[Source records]
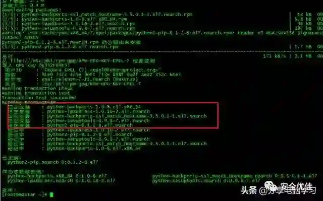 因为没有pip,所以我们需要安装pip,我们利用yum安装
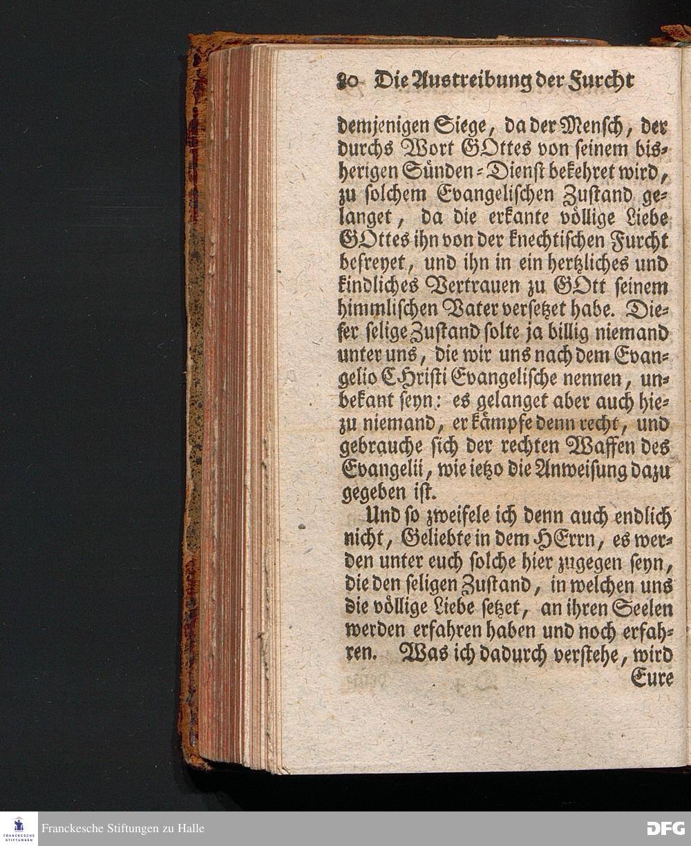 Die Austreibung Der Furcht durch die völlige Liebe, Am I.Sonntag nach Trinitatis 1719. In einer Uber die ordentliche Epistolische Lection aus I Joh.IV, 16-21. In der Universitäts=Kirche zu Leipzig auf geschehenen Antrag gehaltenen Predigt vorgestellet, und auf Begehren zum Druck gegeben, von August Hermann Francken, S.Theol.Prof.& Past.zu St.Ulrich, und des Gymnasii Scholarcha. Dritte Auflage. HALLE, in Verlegung des Wäysenhauses, 1743.
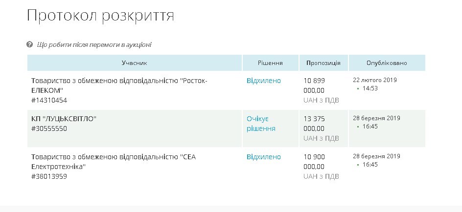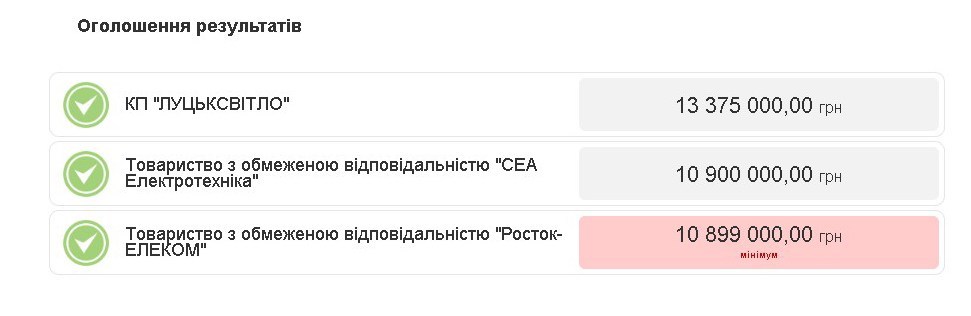 Під час проведення аукціону пропозиція комунального підприємства знизилась лише на 1700 гривень. В той час як конкуренти знизили ціну на понад 2 мільйони гривень. Тож переможцем аукціону стала найдешевша пропозиція ТзОВ «Росток –ЕЛЕКОМ» – 10 899 000 гривень.
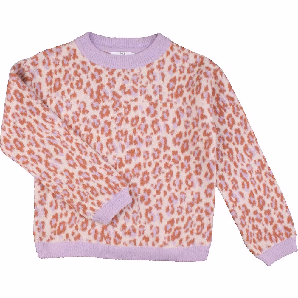 Marks n Spencer Purple Jaguar Patterned Girls Sweater
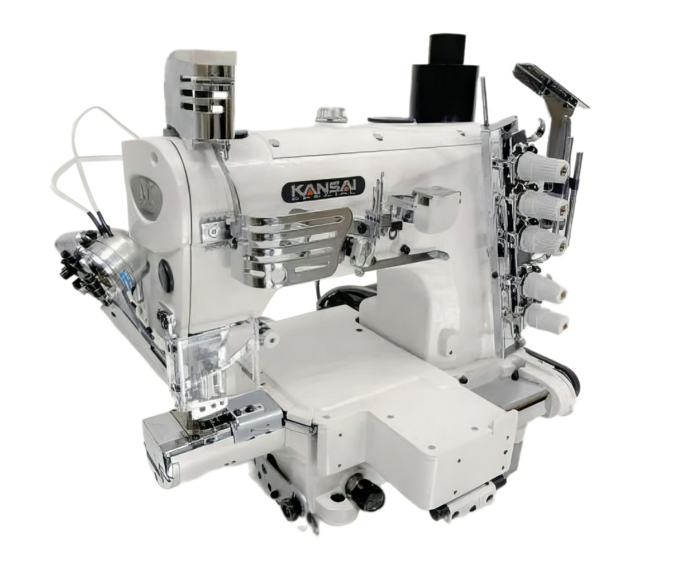 Трехигольная высокоскоростная плоскошовная машина с верхним и нижним застилом с цилиндрической платформой малого диаметра (180 мм) для подгибки края изделия

TASK REQUIREMENTS: Pictures are not part of the copy. Output only the lines from the one with "Marks n Spencer" through the final line of the records, exactly as given.

SOLUTION FOR THIS PROBLEM:
 Marks n Spencer Purple Jaguar Patterned Girls Sweater
 Трехигольная высокоскоростная плоскошовная машина с верхним и нижним застилом с цилиндрической платформой малого диаметра (180 мм) для подгибки края изделия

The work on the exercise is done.